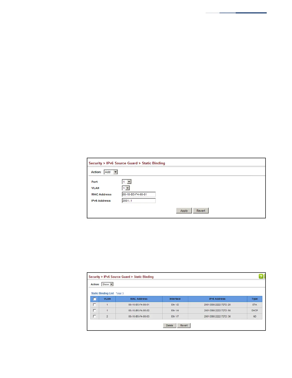 Figure 232: Configuring Static Bindings for IPv6 Source Guard
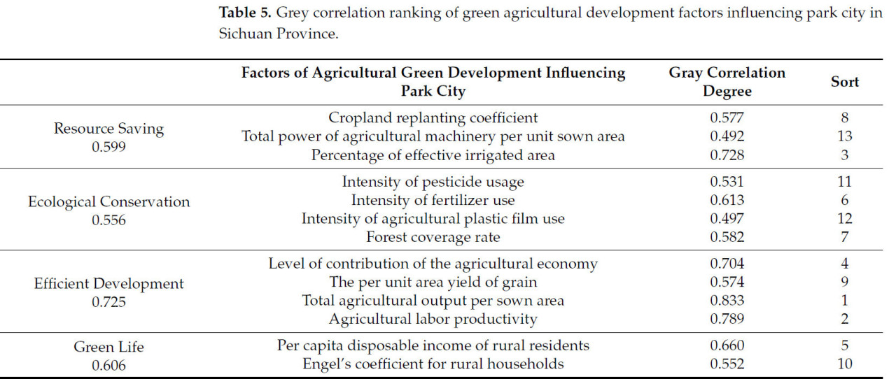 Таблица 5. Ранжирование серой корреляции факторов зеленого развития сельского хозяйства, влияющих на парковый город в провинции Сычуань.
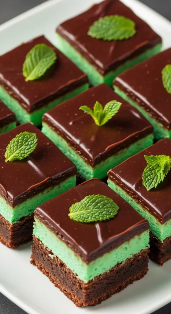 Fudgy brownies with a refreshing mint layer.
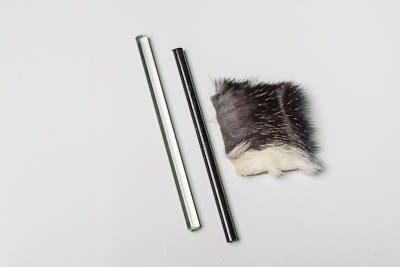 Набор состоит из двух цилиндрических палочек диаметром около 10 мм и длиной около 200 мм. При натирании стеклянной палочки лоскутом шелка на ней накапливается положительный заряд. Отрицательный заряд накапливается на пластиковой палочке при натирании ее лоскутом натурального меха.
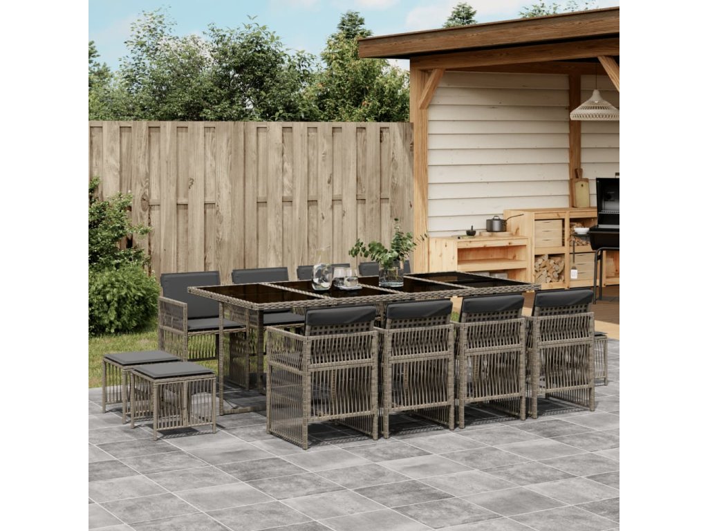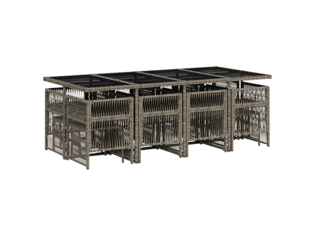 13dílný zahradní jídelní set s poduškami šedý polyratan 3210980
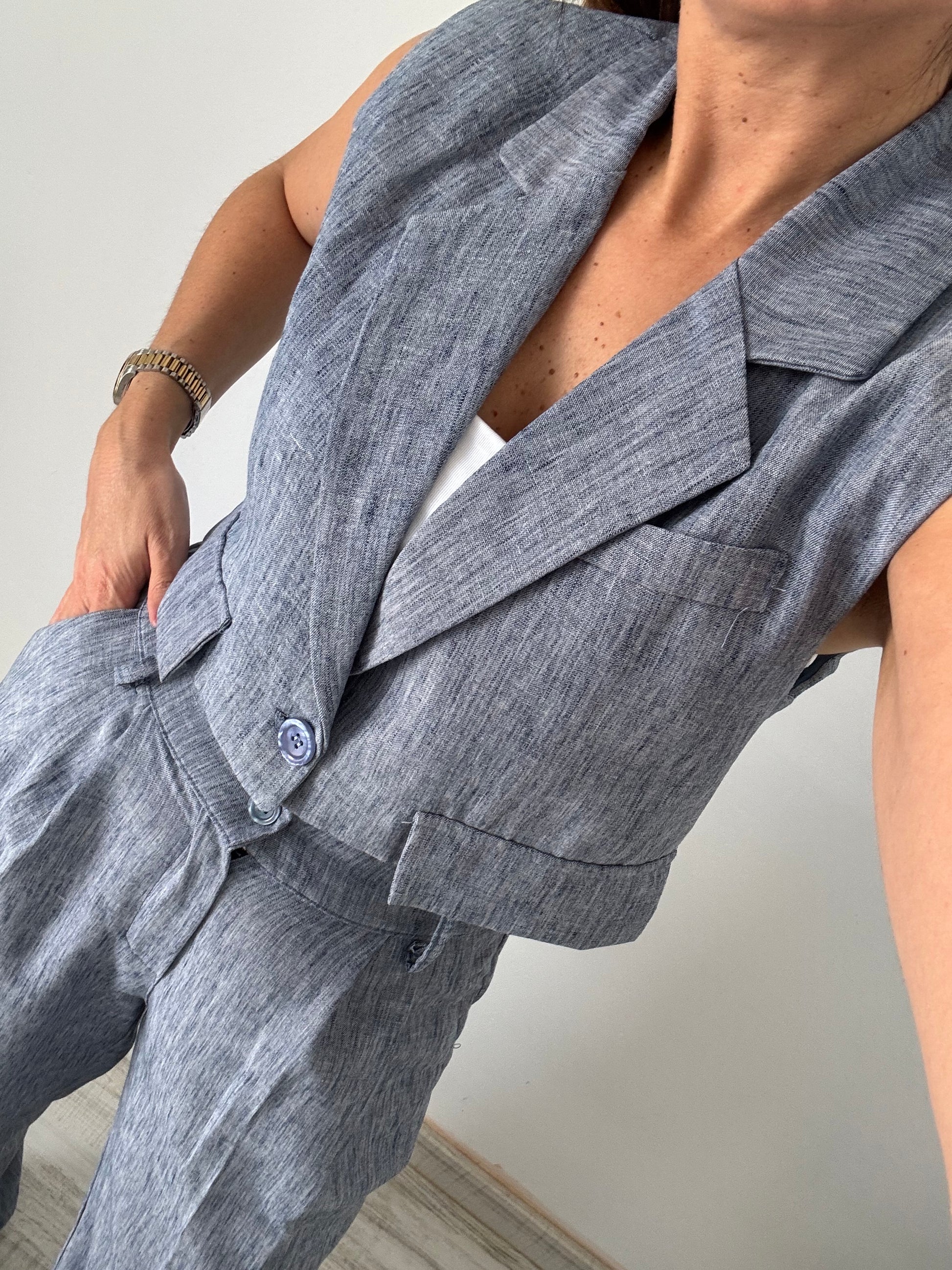 Chaleco tipo blazer y pantalon a juego.
++++++++
# DESCRIPTION OF THE TASK
Exactly as written, repeat the lines of the material above from the first through the line holding "Набор состоит из", with both ends in the copy and no pictures.

# TASK OUTPUT
 Figure 232: Configuring Static Bindings for IPv6 Source Guard
 Таблица 5. Ранжирование серой корреляции факторов зеленого развития сельского хозяйства, влияющих на парковый город в провинции Сычуань.
 Fudgy brownies with a refreshing mint layer.
 Набор состоит из двух цилиндрических палочек диаметром около 10 мм и длиной около 200 мм. При натирании стеклянной палочки лоскутом шелка на ней накапливается положительный заряд. Отрицательный заряд накапливается на пластиковой палочке при натирании ее лоскутом натурального меха.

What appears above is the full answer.